Translation plays a crucial role in the success of a diverse and inclusive clinical trial, from patient recruitment to retention to the trial’s completion. Making clinical trial content available and understandable in patients’ native languages can help build trust, promote inclusivity, improve the patient experience, and expand patient awareness and engagement.
#1 Communicate Complex Content in the Patients’ Language
Understanding medical information can be challenging, whether clinical trial content or results from an annual checkup. One’s level of health literacy influences their health behaviors and ability to navigate the healthcare system. Studies have found:
- 88% of adults living in the U.S. have inadequate health literacy to navigate the healthcare system and promote their well-being.
- 55% have an intermediate proficiency.
- 22% have a basic proficiency.
- 14% have a below-basic proficiency.
- Only 12% are proficiently health literate.
Given such a low health literacy, clinical trial information must be easy to understand.
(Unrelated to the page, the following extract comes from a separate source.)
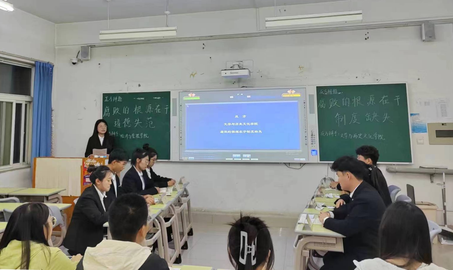 此次大赛由学校纪委、团委主办,文学与历史文化学院承办,前期,各学院广大学生踊跃报名、积极参与,全校共有14个辩论队参赛,历经小组赛、半决赛和决赛累计12场比赛,最终文学与历史文化学院辩论队、经济与管理学院辩论队进入决赛。
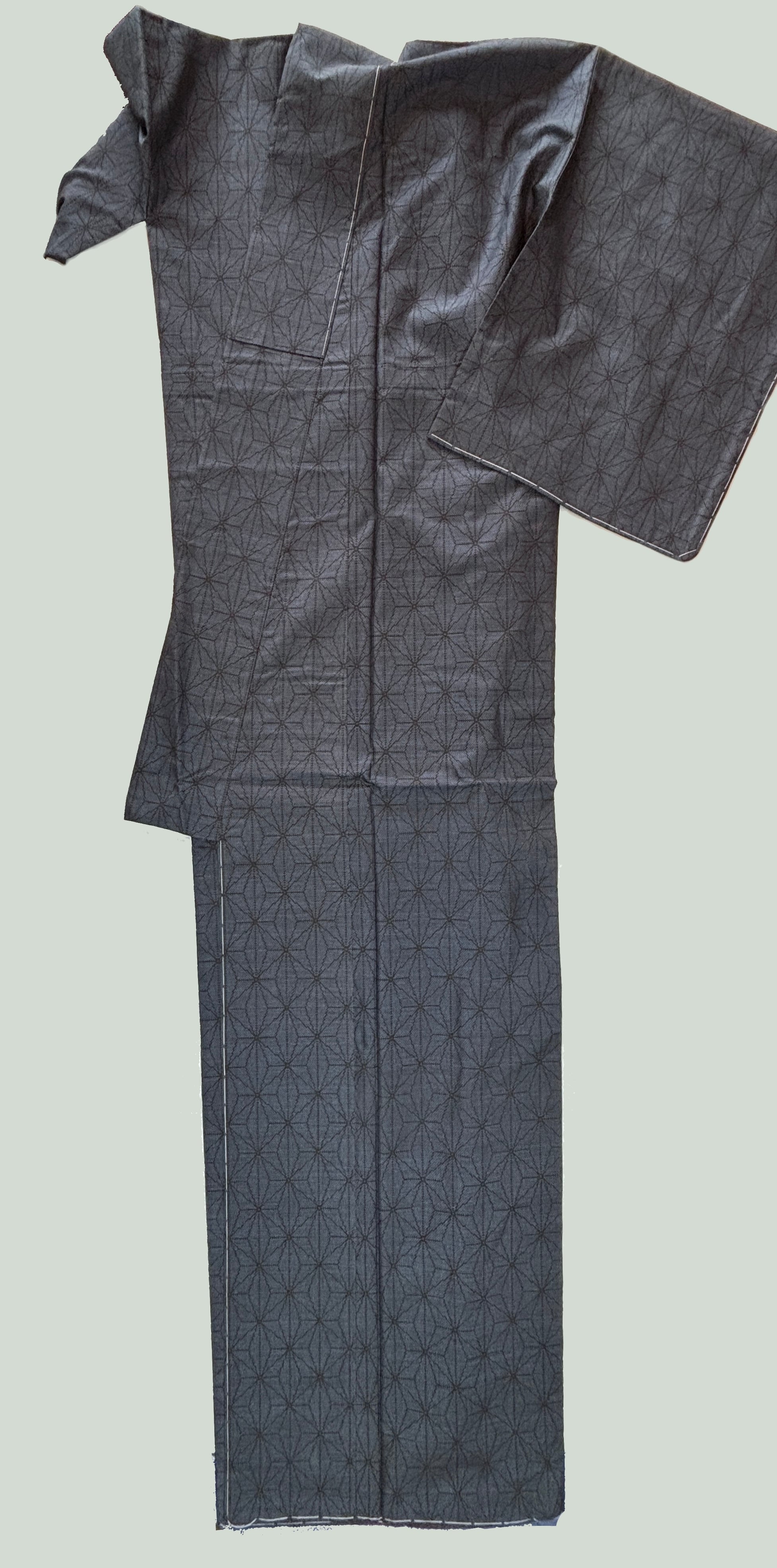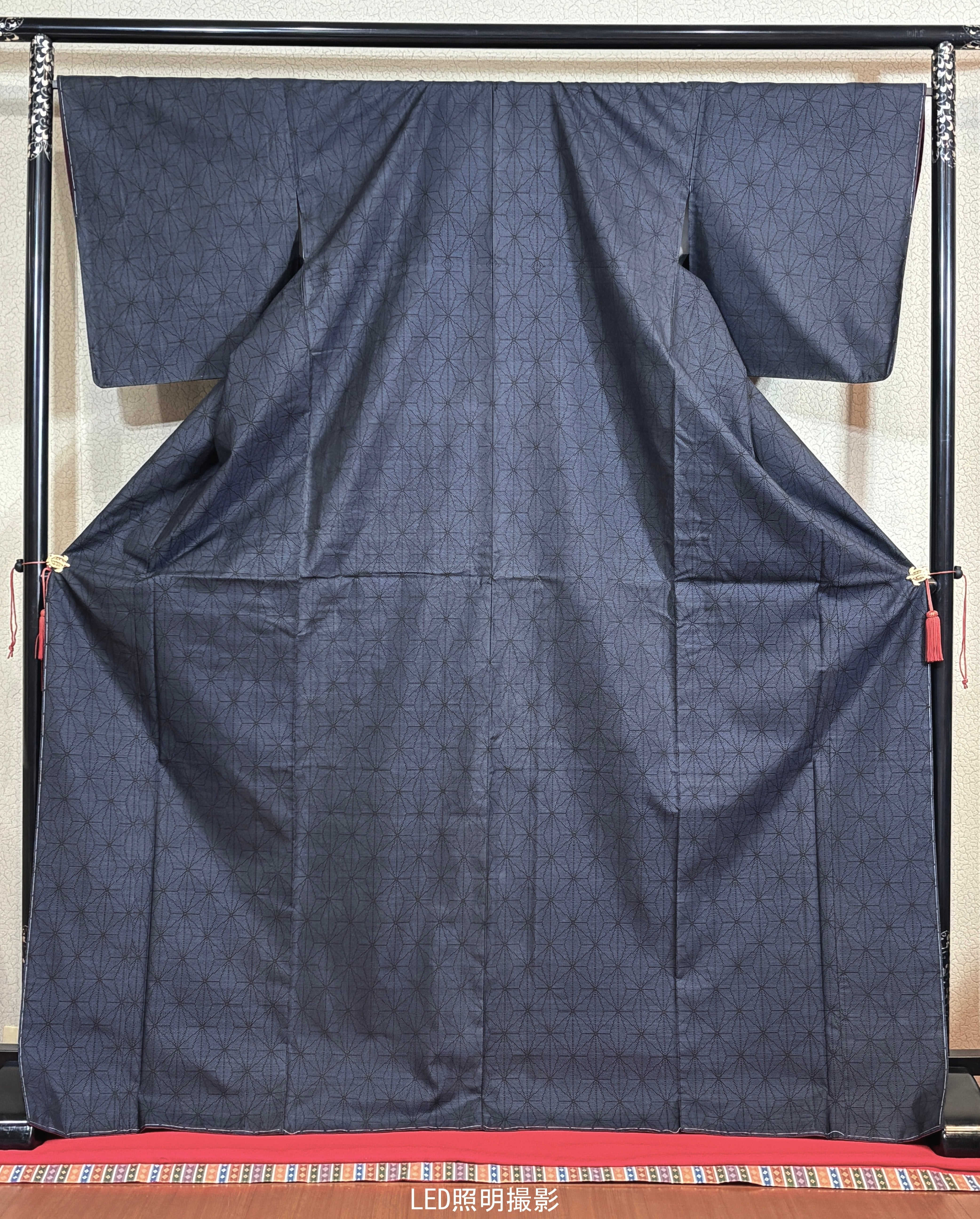 絣は麻の葉文様を基調とした幾何柄で、細かな絣によって全体に均整の取れた表情を見せています。

Europe addresses complex information through regulation (EU-CTR 536/2014) passed by the European Medicines Agency (EMA) in 2022. This regulation requires pharmaceutical companies to provide a Plain Language Summary (PLS) for European clinical trials. A PLS explains complex information about the trial without medical terminology and industry jargon written at a 6th to 8th-grade U.S. reading level.
The same concept should be applied to U.S. trials and other trial information, especially content for participants. When complex content is written without medical terminology, it makes it easier to translate into other languages, opening up the opportunity to reach more diverse patients.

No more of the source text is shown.